# Determinants of 3x3 matrix on approved calc?



## dzdave00 (Mar 11, 2008)

Hi all, I am studying for the PE electrical in April, and while working through basic electrical circuit analysis for the second time, I noticed that it was taking a long time to work out solutions to 3 linear equations with 3 unknowns using Cramers rule (with which I am most comfortable). Is there a way to calculate determinants using any of the approved NCEES calculators and reduce the time required to do this simple, but time consuming step? I have the TI 30XA now only because I had one laying around, but would switch in a heartbeat to something else if it could do this.

I normally use a TI 86 for everyday calcs. Thanks!


----------



## Dark Knight (Mar 11, 2008)

dzdave00 said:


> Hi all, I am studying for the PE electrical in April, and while working through basic electrical circuit analysis for the second time, I noticed that it was taking a long time to work out solutions to 3 linear equations with 3 unknowns using Cramers rule (with which I am most comfortable). Is there a way to calculate determinants using any of the approved NCEES calculators and reduce the time required to do this simple, but time consuming step? I have the TI 30XA now only because I had one laying around, but would switch in a heartbeat to something else if it could do this.
> I normally use a TI 86 for everyday calcs. Thanks!

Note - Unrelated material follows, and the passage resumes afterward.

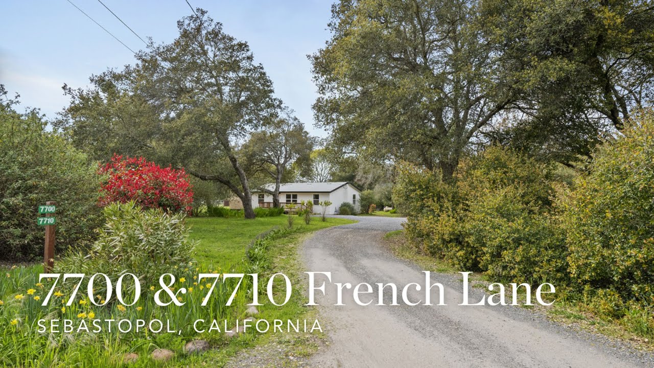 Splendid 2 acres, sunny and dotted with sleepy oaks, quiet and private down a sweet country lane. 2 homes, separate from each other, with separate addresses and separately metered. Main home is 2 bedrooms plus office, 2 full baths, 1032+/- sq.ft. ADU is 1 bedroom with office, 2 full baths, 840+/- sq.ft. Both welcome with such comfort, an openness and warmth. They are marvelously manufactured with full perimeter foundations, Hardie board siding. Both homes are newly painted inside and out, new light fixtures are installed, 2018 roofs and both have indoor laundry. Primary home has new wood and carpet flooring. The 2+ acres is flat and usable. Zoned DA for cottage industries, animals, gardening, expanded ag opportunities. And don’t miss the secret view corner. An outdoor kitchen/living would be an ideal finishing touch. Affordable and magical Sebastopol and the best part? It could be yours!

The Casio FX-115ES can handle that, I think.

On a more realistic note, I do not think you will have to deal with that on the test. Maybe a 2x2, but not a 3x3.


----------



## Katiebug (Mar 11, 2008)

dzdave00 said:


> Hi all, I am studying for the PE electrical in April, and while working through basic electrical circuit analysis for the second time, I noticed that it was taking a long time to work out solutions to 3 linear equations with 3 unknowns using Cramers rule (with which I am most comfortable). Is there a way to calculate determinants using any of the approved NCEES calculators and reduce the time required to do this simple, but time consuming step? I have the TI 30XA now only because I had one laying around, but would switch in a heartbeat to something else if it could do this.
> I normally use a TI 86 for everyday calcs. Thanks!


The Casio fx115-ES will do matrix operations up to 3x3. I really like the Casio, much better than the TI-30XS that I was using before.

If you use a TI 86 you will probably be pleasantly surprised by the Casio. It's a nice little calculator.


----------



## dzdave00 (Mar 11, 2008)

Thanks a lot. I'll probably get the Casio, as I want to bring in two working calculators to the test.


----------



## roadwreck (Mar 11, 2008)

dzdave00 said:


> Thanks a lot. I'll probably get the Casio, as I want to bring in two working calculators to the test.


I've been a higher end TI user ever since high school, so I bought the TI-36X for the exam and bought the Casio as my backup. While studying I found I much preferred the Casio and it's become my everyday calculator. I've got it sitting here on my desk now.


----------